Material shown:
################

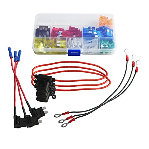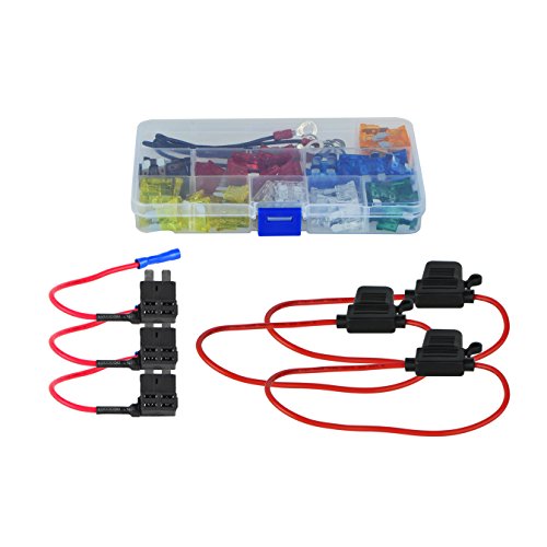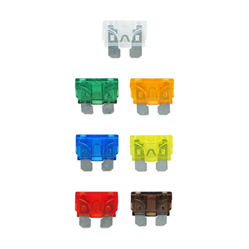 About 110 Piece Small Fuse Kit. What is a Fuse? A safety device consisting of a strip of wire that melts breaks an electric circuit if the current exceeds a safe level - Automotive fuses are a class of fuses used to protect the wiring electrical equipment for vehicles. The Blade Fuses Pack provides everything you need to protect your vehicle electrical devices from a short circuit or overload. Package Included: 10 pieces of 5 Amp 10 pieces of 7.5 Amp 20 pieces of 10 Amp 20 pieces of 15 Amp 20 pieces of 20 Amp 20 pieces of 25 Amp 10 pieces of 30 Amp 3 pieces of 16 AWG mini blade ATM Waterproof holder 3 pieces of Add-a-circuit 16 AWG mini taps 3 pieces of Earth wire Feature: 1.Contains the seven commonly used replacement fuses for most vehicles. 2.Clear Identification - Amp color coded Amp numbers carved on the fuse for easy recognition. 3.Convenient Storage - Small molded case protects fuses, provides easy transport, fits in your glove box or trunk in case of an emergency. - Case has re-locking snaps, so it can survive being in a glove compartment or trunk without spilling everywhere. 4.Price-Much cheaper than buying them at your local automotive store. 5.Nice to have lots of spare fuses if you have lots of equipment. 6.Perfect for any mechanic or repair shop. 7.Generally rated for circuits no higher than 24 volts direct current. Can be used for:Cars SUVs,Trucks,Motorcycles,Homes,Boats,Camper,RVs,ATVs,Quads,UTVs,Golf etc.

################

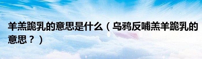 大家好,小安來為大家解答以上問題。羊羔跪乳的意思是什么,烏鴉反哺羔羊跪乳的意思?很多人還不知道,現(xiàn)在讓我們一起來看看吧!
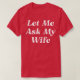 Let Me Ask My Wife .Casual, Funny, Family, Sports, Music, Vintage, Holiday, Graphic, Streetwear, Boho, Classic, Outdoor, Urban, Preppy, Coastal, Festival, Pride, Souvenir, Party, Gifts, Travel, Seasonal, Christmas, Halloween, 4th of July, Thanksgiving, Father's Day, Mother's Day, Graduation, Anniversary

################

Requirement:
Output exactly those lines of the data above that run from the line with "大家好,小安來為大家解答以上" up to and including the line with "Let Me Ask My". No pictures go in.

Completed task:
 大家好,小安來為大家解答以上問題。羊羔跪乳的意思是什么,烏鴉反哺羔羊跪乳的意思?很多人還不知道,現(xiàn)在讓我們一起來看看吧!
 Let Me Ask My Wife .Casual, Funny, Family, Sports, Music, Vintage, Holiday, Graphic, Streetwear, Boho, Classic, Outdoor, Urban, Preppy, Coastal, Festival, Pride, Souvenir, Party, Gifts, Travel, Seasonal, Christmas, Halloween, 4th of July, Thanksgiving, Father's Day, Mother's Day, Graduation, Anniversary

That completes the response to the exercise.